The goals of the NR specification are very aggressive. Aggressive as in, they cover use cases including very low to very high data rates, low latency, massive machine-to-machine communication, high reliability, low power operation and the works.

“Think about those requirements a bit and you’ll see that they are full of contradictions and engineering tradeoffs. But engineers do what they do and the NR spec handles these conflicting requirements via a new highly scalable orthogonal frequency division multiplexing (OFDM) system. I won’t try to describe the complex system of variable subcarrier spacing, symbol length and timing but it is designed to be very flexible to cover all the desired use cases,” Girish Baliga said.

Moving to Radiated Testing

And, with signal loss being a problem, adding some additional antenna gain can certainly help. At these higher frequencies (shorter wavelengths), phased array antennas will be used to improve the gain and steer it to where we want it to go. To keep cost down and performance up, these compact phased-array antennas are being attached directly to the RF Integrated Circuit (RFIC). This tight integration into the system means the usual output connectors are not available for measurement use. And yes, all measurements will be made Over The Air (OTA). So, it’s time to throw your cables away.

Accurate connected measurements at FR2 can be a challenge, but decades of measurement science work has made them commonplace. Making accurate OTA measurements is a lot harder, introducing a much larger measurement uncertainty. Think many dB of uncertainty instead of <1 dB for connected measurements! In other words, OTA measurements are going to be less accurate than we have become used to – making everything more difficult.

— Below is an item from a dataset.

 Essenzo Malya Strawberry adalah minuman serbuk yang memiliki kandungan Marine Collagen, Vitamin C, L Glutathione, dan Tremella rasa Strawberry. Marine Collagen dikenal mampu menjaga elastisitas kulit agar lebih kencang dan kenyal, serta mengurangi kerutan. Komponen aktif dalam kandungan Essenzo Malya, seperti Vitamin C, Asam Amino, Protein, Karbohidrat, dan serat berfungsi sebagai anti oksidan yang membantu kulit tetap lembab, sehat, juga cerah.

Mobile wireless devices have always operated in three dimensions.  The world tends to be configured that way. When a 3G mobile phone changes location, the system just has to track signal strength and make a handover to the right base station at the right time. Now consider a 5G device working at FR2: the variables now include the base station antenna gain, pattern and direction; the behavior of the channel including fast fading and the mobile antenna gain, pattern and direction.

Let’s consider how the User Equipment (UE) makes and maintains a wireless connection. The UE and base station need to find each other by sweeping their antenna beams around in some organized fashion. Once they lock onto beam settings that work, they’ll need to keep updating the beam directions as the UE moves through the network or changes orientation. Especially at FR2 frequencies, shadowing and blocking can be severe. At some point, the UE will need to switch to another base station, causing the cycle to repeat. Beam management is the key, at the UE and at the base station.

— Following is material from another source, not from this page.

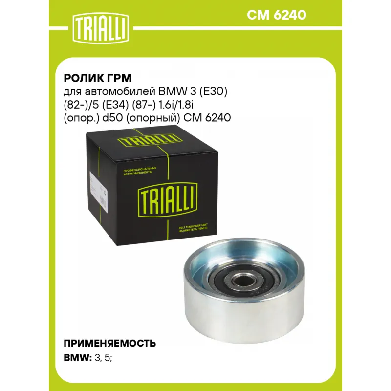 Ролик ГРМ для автомобилей BMW 3 (E30) (82-)/5 (E34) (87-) 1.6i/1.8i (опор.) d50 (опорный) Характеристики: Артикул: CM 6240 OEM номера: 11311721264, 11311727141 Ширина, мм: 21 Внешний диаметр, мм: 50 Внутренний диаметр, мм: 8.2 Гарантийный срок: 2 года/60 000 км. Сопутствующий товар: Ролики ГРМ: CM 5203, CM 6292 Количество на авт... Читать полностью →

The test challenge is made more difficult by this beamforming operation. How do we ensure that the UE can steer the beam appropriately so that the 5G devices will work? Do we need to test in all 3D directions? Or can we just rely on a few key samples to ensure proper operation?

From how good is my signal to where is my signal

For FR1 the question being asked for the last 100 years was “How good is my signal?” But 5G NR at FR2 brings a new paradigm which is “Where is my signal?” since if it is pointing in the wrong direction its quality is no longer relevant.”

These design and test challenges are being worked on every day by Research engineers and other technical experts in the industry.  And, these are the among the key areas that need  breakthrough innovation for 5G to be successful. Industry is making progress in these areas but there’s still more work to be done.

Takeaways

To properly test 5G systems, it will be necessary to first pick appropriate channel conditions that adequately reflect the environment of choice. This must take into account fast-changing in-channel impairments, as well as numerous sources of blocking caused by the physical environment and dynamic factors such as vehicle and device movement and body/hand blocking.  Any realistic test system will have to emulate similar conditions, but do the existing test methods specified by 3GPP6 scale up to mmWave?   The answer is a YES as industry test are committed to getting customers on the fastest path to 5G.